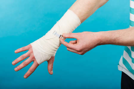 Fractures and dislocations concept. Male hand in white bandage. Helpful medication for painful palm arm of young man.
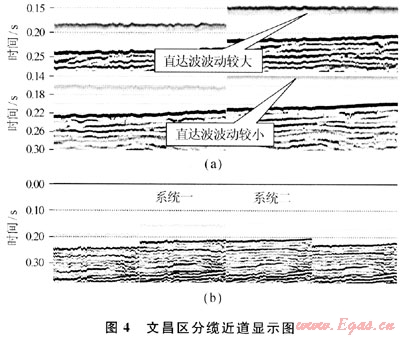 除了海底的問(wèn)題外,近遠(yuǎn)纜的空間分布的位置及地下介質(zhì)的吸收系數(shù)、反射系數(shù)不同,會(huì)使得不同電纜接受的反射信號(hào)存在著差異。所以認(rèn)為,近遠(yuǎn)纜接受信號(hào)的差異是海上地震資料采集腳印嚴(yán)重的重要原因之一。在文昌區(qū)某些早期采集的地震數(shù)據(jù)中,不同線之間的采集質(zhì)量差異較大(圖4-b)。從直達(dá)波可以看出圖4-a上中直達(dá)波波動(dòng)較大,說(shuō)明采集時(shí)所受外界影響大,質(zhì)量較差;而圖4-a下中直達(dá)波波動(dòng)較小,說(shuō)明采集時(shí)所受外界影響小,質(zhì)量較好。特別在文昌區(qū)中地震數(shù)據(jù)采集時(shí)有兩個(gè)記錄系統(tǒng),兩個(gè)系統(tǒng)之間的不穩(wěn)定帶來(lái)采集腳印的影響非常嚴(yán)重,系統(tǒng)二采集質(zhì)量較好,系統(tǒng)一遠(yuǎn)纜采集質(zhì)量較差。以上原因也是導(dǎo)致該工區(qū)的采集腳印非常嚴(yán)重的另一個(gè)原因。
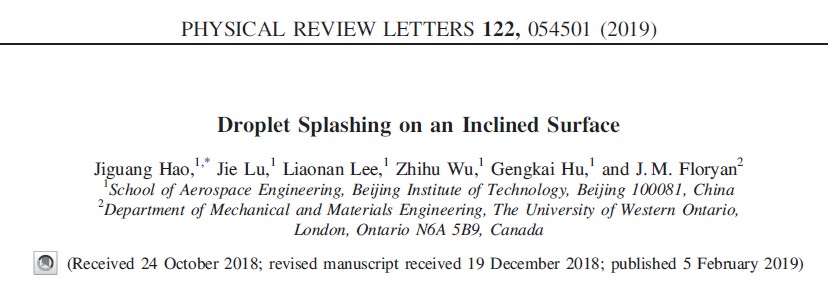 2019年2月5日,北京理工大學宇航學院郝繼光講師、胡更開教授和加拿大西安大略大學Floryan教授合作在物理學頂級的學術期刊《Physical Review Letters》(IF = 8.839)上發表了題為《Droplet splashing on an inclined surface》的研究論文。郝繼光為該論文第一和通訊作者,宇航學院2018級碩士研究生魯杰、2015級本科生李遼南及2017級碩士研究生吳志鵠分別為第二、第三和第四作者,北京理工大學為論文的第一單位和唯一通訊單位,該工作得到了國家自然科學基金和“111”引智計劃的支持。
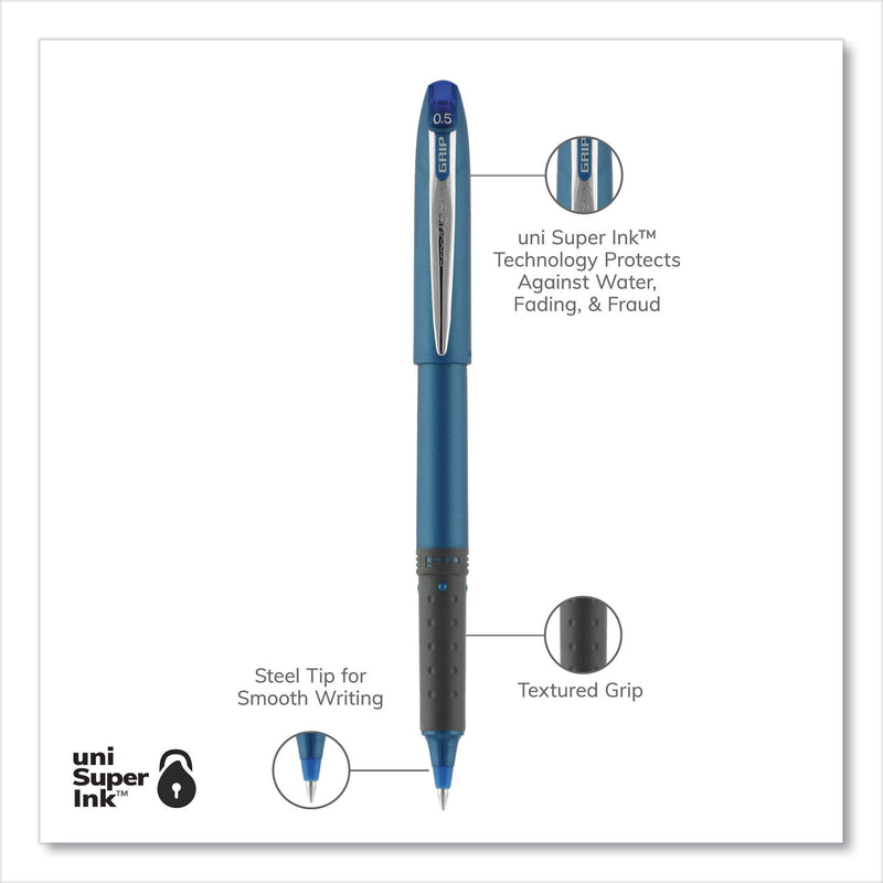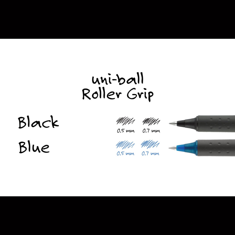 Achieve precision writing with Roller Grip Rollerball Pens from uni-ball featuring strong, long lasting tips. Capped roller pens deliver crisp and bold lines with rich color for improved clarity and readability. Great for everyday writing tasks like taking notes and making lists, these pens offer dependable, free-flowing writing the moment the pens hit the paper. Roller Grip pens have a soft, cushioned grip for writing support while maintaining good control. Exclusive uni Super Ink technology locks in ink for fraud-resistant documents that are also protected from water and fading. Improve your everyday writing experience with liquid ink roller pens that have colorful barrels, making it easy to grab the ink color you want.

○ ○ ○

Your goal: All lines above are to be restated word for word, with pictures excluded.

Output of the exercise:
 Fractures and dislocations concept. Male hand in white bandage. Helpful medication for painful palm arm of young man.
 除了海底的問(wèn)題外,近遠(yuǎn)纜的空間分布的位置及地下介質(zhì)的吸收系數(shù)、反射系數(shù)不同,會(huì)使得不同電纜接受的反射信號(hào)存在著差異。所以認(rèn)為,近遠(yuǎn)纜接受信號(hào)的差異是海上地震資料采集腳印嚴(yán)重的重要原因之一。在文昌區(qū)某些早期采集的地震數(shù)據(jù)中,不同線之間的采集質(zhì)量差異較大(圖4-b)。從直達(dá)波可以看出圖4-a上中直達(dá)波波動(dòng)較大,說(shuō)明采集時(shí)所受外界影響大,質(zhì)量較差;而圖4-a下中直達(dá)波波動(dòng)較小,說(shuō)明采集時(shí)所受外界影響小,質(zhì)量較好。特別在文昌區(qū)中地震數(shù)據(jù)采集時(shí)有兩個(gè)記錄系統(tǒng),兩個(gè)系統(tǒng)之間的不穩(wěn)定帶來(lái)采集腳印的影響非常嚴(yán)重,系統(tǒng)二采集質(zhì)量較好,系統(tǒng)一遠(yuǎn)纜采集質(zhì)量較差。以上原因也是導(dǎo)致該工區(qū)的采集腳印非常嚴(yán)重的另一個(gè)原因。
 2019年2月5日,北京理工大學宇航學院郝繼光講師、胡更開教授和加拿大西安大略大學Floryan教授合作在物理學頂級的學術期刊《Physical Review Letters》(IF = 8.839)上發表了題為《Droplet splashing on an inclined surface》的研究論文。郝繼光為該論文第一和通訊作者,宇航學院2018級碩士研究生魯杰、2015級本科生李遼南及2017級碩士研究生吳志鵠分別為第二、第三和第四作者,北京理工大學為論文的第一單位和唯一通訊單位,該工作得到了國家自然科學基金和“111”引智計劃的支持。
 Achieve precision writing with Roller Grip Rollerball Pens from uni-ball featuring strong, long lasting tips. Capped roller pens deliver crisp and bold lines with rich color for improved clarity and readability. Great for everyday writing tasks like taking notes and making lists, these pens offer dependable, free-flowing writing the moment the pens hit the paper. Roller Grip pens have a soft, cushioned grip for writing support while maintaining good control. Exclusive uni Super Ink technology locks in ink for fraud-resistant documents that are also protected from water and fading. Improve your everyday writing experience with liquid ink roller pens that have colorful barrels, making it easy to grab the ink color you want.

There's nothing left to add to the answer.